* _EXERCISE BRIEF_: Every line of the listing below is to be duplicated exactly, with the pictures left out.
--- GIVEN INFORMATION ---
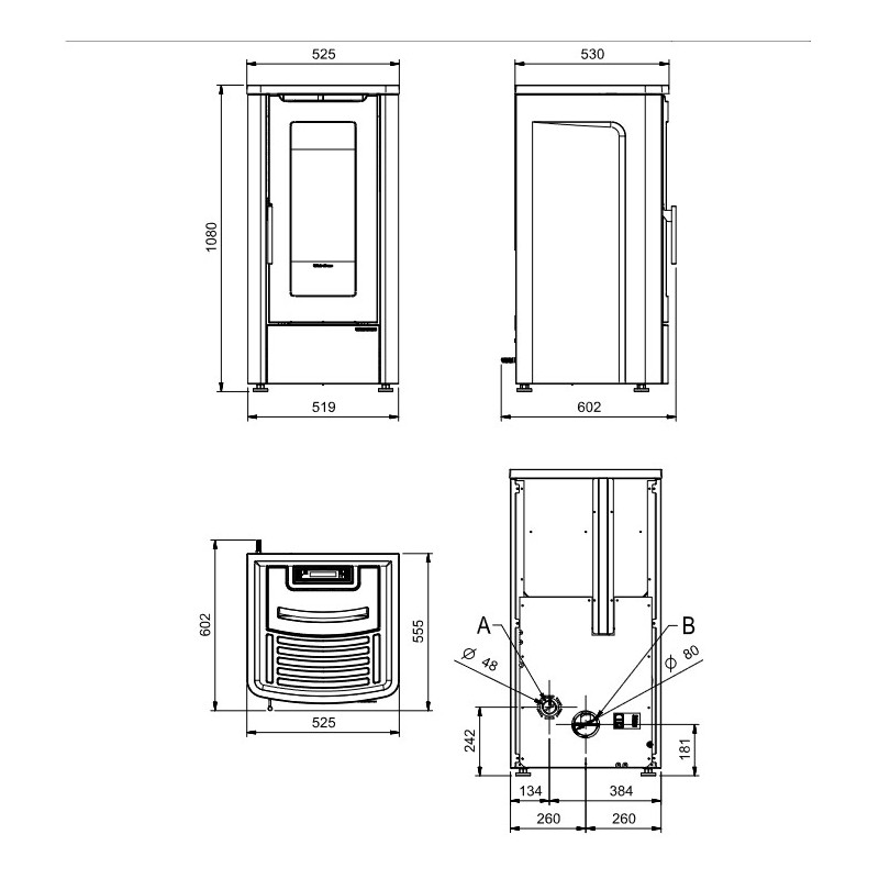Narrow ventilated pellet stove...
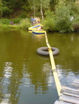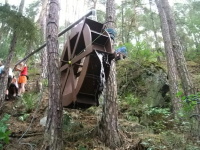 - Ve svahu nad WC se rozjelo dvoumetrové mlýnské kolo a hezky si klapalo. Bylo po skončení tábora věnováno do „mlýna“ nad táborem.
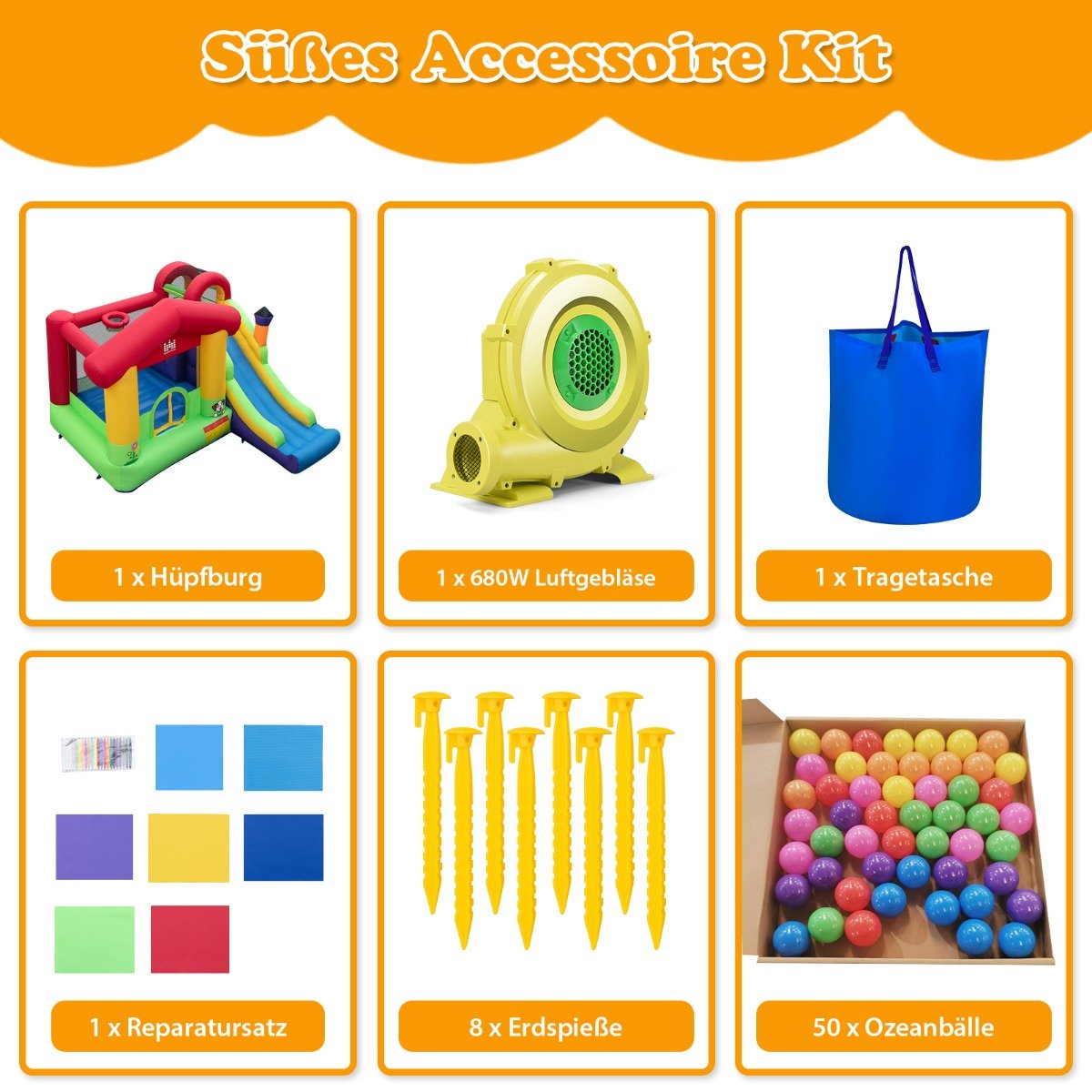 Pripučiama vaikų žaidimų pilis su čiuožykla ir krepšinio lenta (Spalvota)
---
* _FINISHED EXERCISE_:
Narrow ventilated pellet stove...
 - Ve svahu nad WC se rozjelo dvoumetrové mlýnské kolo a hezky si klapalo. Bylo po skončení tábora věnováno do „mlýna“ nad táborem.
 Pripučiama vaikų žaidimų pilis su čiuožykla ir krepšinio lenta (Spalvota)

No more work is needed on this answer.